Jackson Pollock was so well known for not being able to perform with art patron Peggy Gugghenheim that it had to be shown. This is a pivotal scene in POLLOCK because it explains so much, especially his relationship with his wife, the castrating Lee Krasner (Marcia Gay Harden). Although Pollock (Ed Harris) is the focus of the movie, it’s Lee we can’t help analyzing. Krasner is a painter herself, but she quickly assesses Pollock as a genius and becomes his caretaker, champion, and artistic interpreter. Only she really understands him: she is THE Jackson Pollock authority. No wonder she wouldn’t have a child with him. She’d have to take care of a baby. Then who would minister to Jackson’s needs? She infantilized him, allowing Pollock to indulge some demon inside himself. He became a brooding alcoholic. We don’t find out why. Maybe it had something to do with his mother? A traumatic childhood that left his brother intact, but scathed him?

Jackson finally breaks free somewhat and takes a young mistress. No matter, Lee tells him she will not divorce him. What can poor Jackson do to get even with her? Well, he does find a way, albeit a final one. He commits suicide by recklessly driving his car while his mistress and her friend are with him. He dies in the company of his mistress, not his wife. So it’s Ruth Kingman (Jennifer Connelly) who is now forever attached to the life story of the great Abstract Expressionist. This must have made Lee really mad.

Director Ed Harris does a brilliant job playing the tortured, uncommunicative painter. Harris gained thirty pounds (and a beard) to play Pollock in his declining years. There’s a riveting scene that explains the Pollock/Krasner relationship: in front of friends he screams at Lee and tells her he hates her. Lee just brushes him off. The poor man couldn’t get rid of her except by killing himself.

Harden has a terrific role and she knows it. Pollock may be who the film is about, but she’s in every scene with him. (I’m surprised Lee allowed him to paint alone in his own studio.) Harden plays Lee tough and without sentimentality. It is to her credit that her body is not lean and taut but soft like women in the 1940s.

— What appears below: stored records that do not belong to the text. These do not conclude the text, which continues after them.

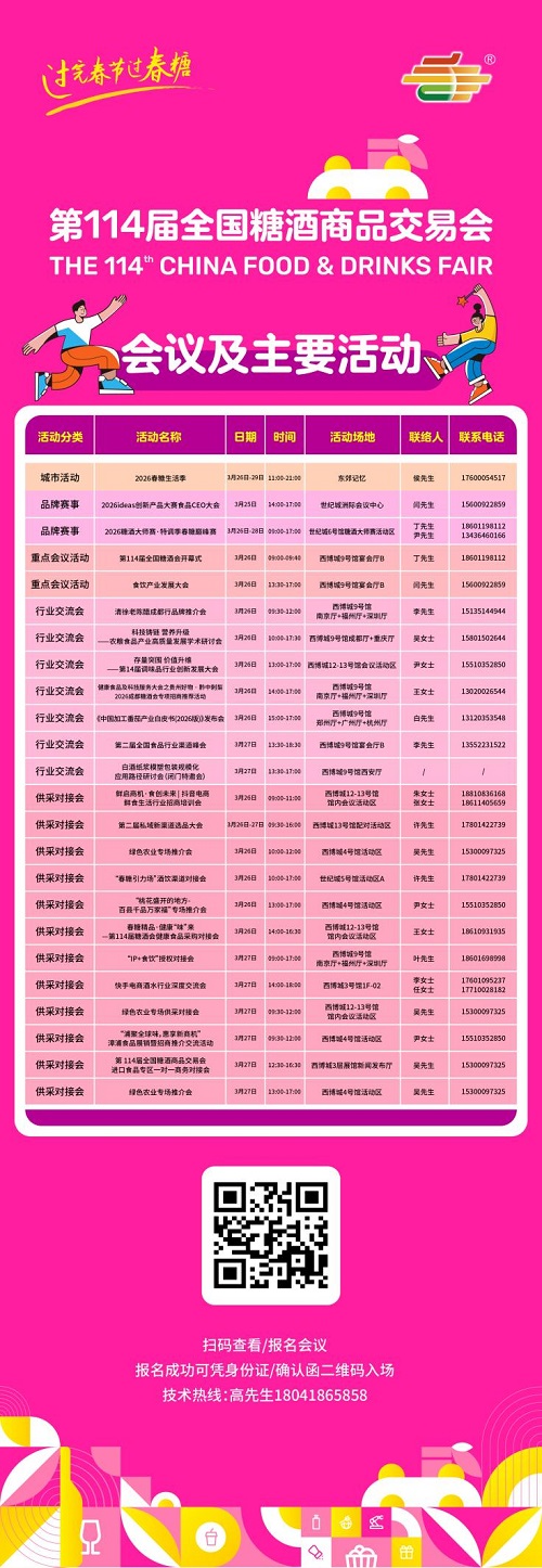 2026年是丙午马年,也是“十五五”开局之年。作为开年首个行业盛会,第114届全国糖酒会以“过完春节过春糖”的昂扬姿态,精准把握产业脉搏与城市节奏,为全年消费市场打响第一枪。32.5万平方米展馆,6600+家全球企业齐聚成都——来春糖,就是抢抓新机遇,跑出开门红。
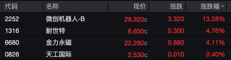 机器人概念股微创机器人涨超13%
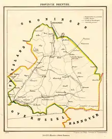 listen); German: Drenthe) is a province of the Netherlands located in the northeastern part of the country. It is bordered by Overijssel to the south, Friesland to the west, Groningen to the north, and the German state of Lower Saxony to the east. As of November 2019, Drenthe had a population of 493,449[4] and a total area of 2,680 km2 (1,030 sq mi).
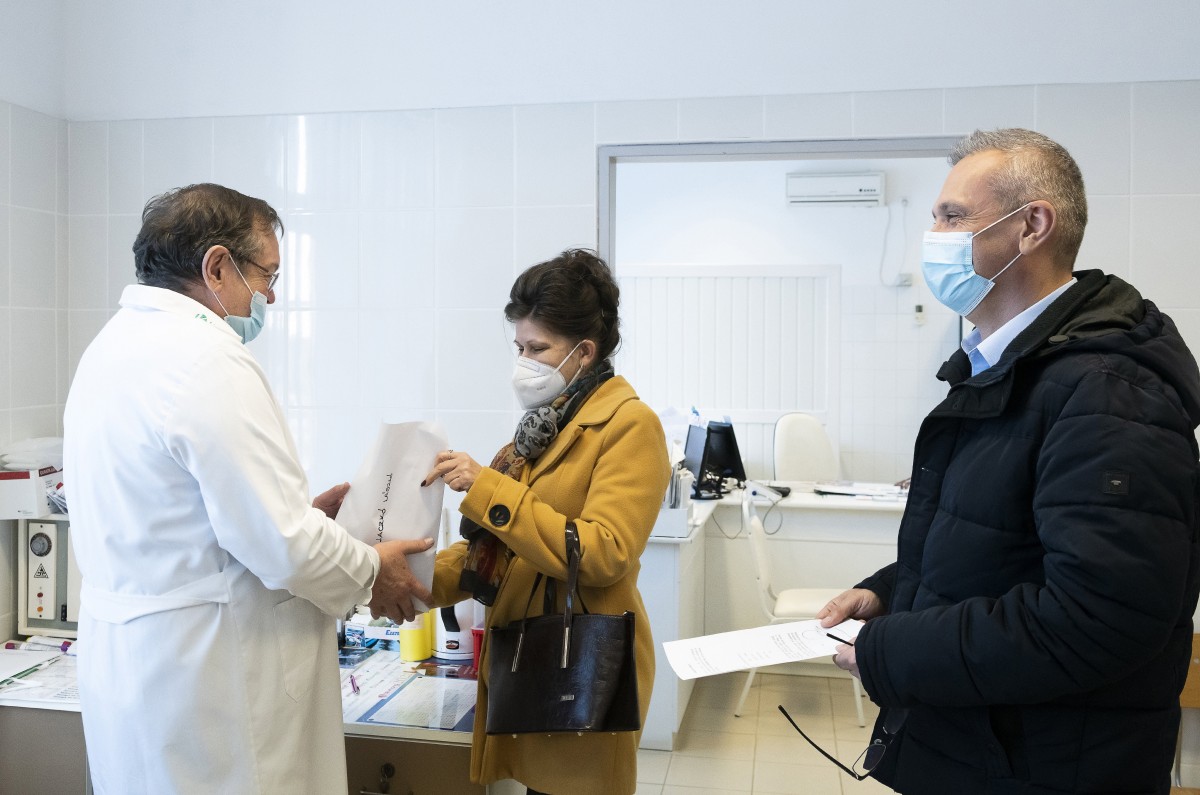 Aratóné Perjési Mariann járási hivatalvezető-helyettes és Elek Tamás járási hivatalvezető átadja Laczkó László belgyógyász-háziorvosnak az AstraZeneca koronavírus elleni vakcináit a tiszadobi rendelőben 2021. március 10-én.
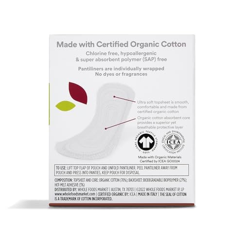 Specification: 365 by Whole Foods Market, Ultra Thin Pantiliners, Made with Organic Cotton, 24 Count
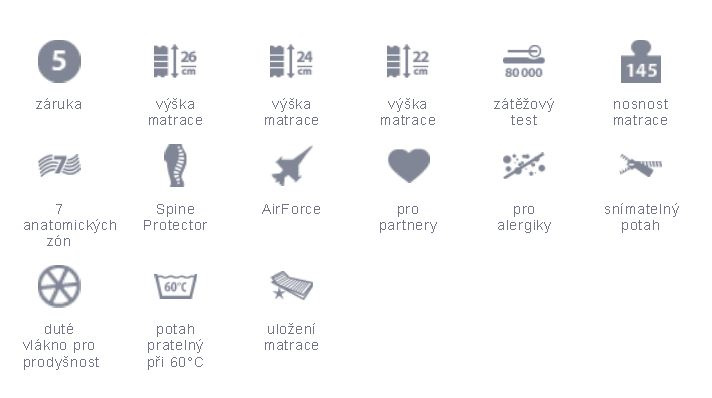 Matrace s unikátním vlnovým jádrem( Spine Protector pro ochranu páteře ). Kombinuje pěny různých tuhostí ve vlnách. Díky tomu má matrace perfektní ortopedické vlastnosti ( rozložení hmotnosti do jádra matrace ). Tužší stranu ( tyrkysová tvoří masivní deska ( 5 cm ) ze studené pěny, která dává matraci tuhost a pružnost. Měkčí strana ( oranžová ) má 7 - zónovou profilaci a provzdušňujícími kanálky, které mění v matraci vzduch s každým pohybem těla ( technologie Air Force ). Střední část, která napodobuje naši páteř je složena z pěn Flexi o různých tuhostech. Matrace se vyrábí ve výšce 22 cm a 26 cm.

Harris gives his wife, Amy Madigan, the harshly lit part of art groupie Peggy Guggenheim. It is a wonderful cameo for Madigan. Stephanie Seymour (Victoria’s Secret model and wife of co-producer Peter Brant) has a tiny part. So much for sleeping with the producer!

For all the heroic attempt to explain the “brilliance” of Pollock’s drip technique, my husband and I still walked out of the theater saying: “Throw paint on a canvas? I can do that.”

Postscript: Ruth Klingman played an important part in my life. A friend of my former husband’s, she was well-known around New York as “The woman who was in the car with Jackson Pollock when he died.” (No one ever mentioned the fact that Ruth’s girlfriend died in the car along with Pollock). I thought she was shrill and annoying. One Friday my husband asked what would I prefer to do for the weekend, go to the country and visit Ruth, or go on a boat with another one of his clients? I hate the water, but a weekend with Ruth? I said “Boat.”

That weekend I met my next husband on the boat.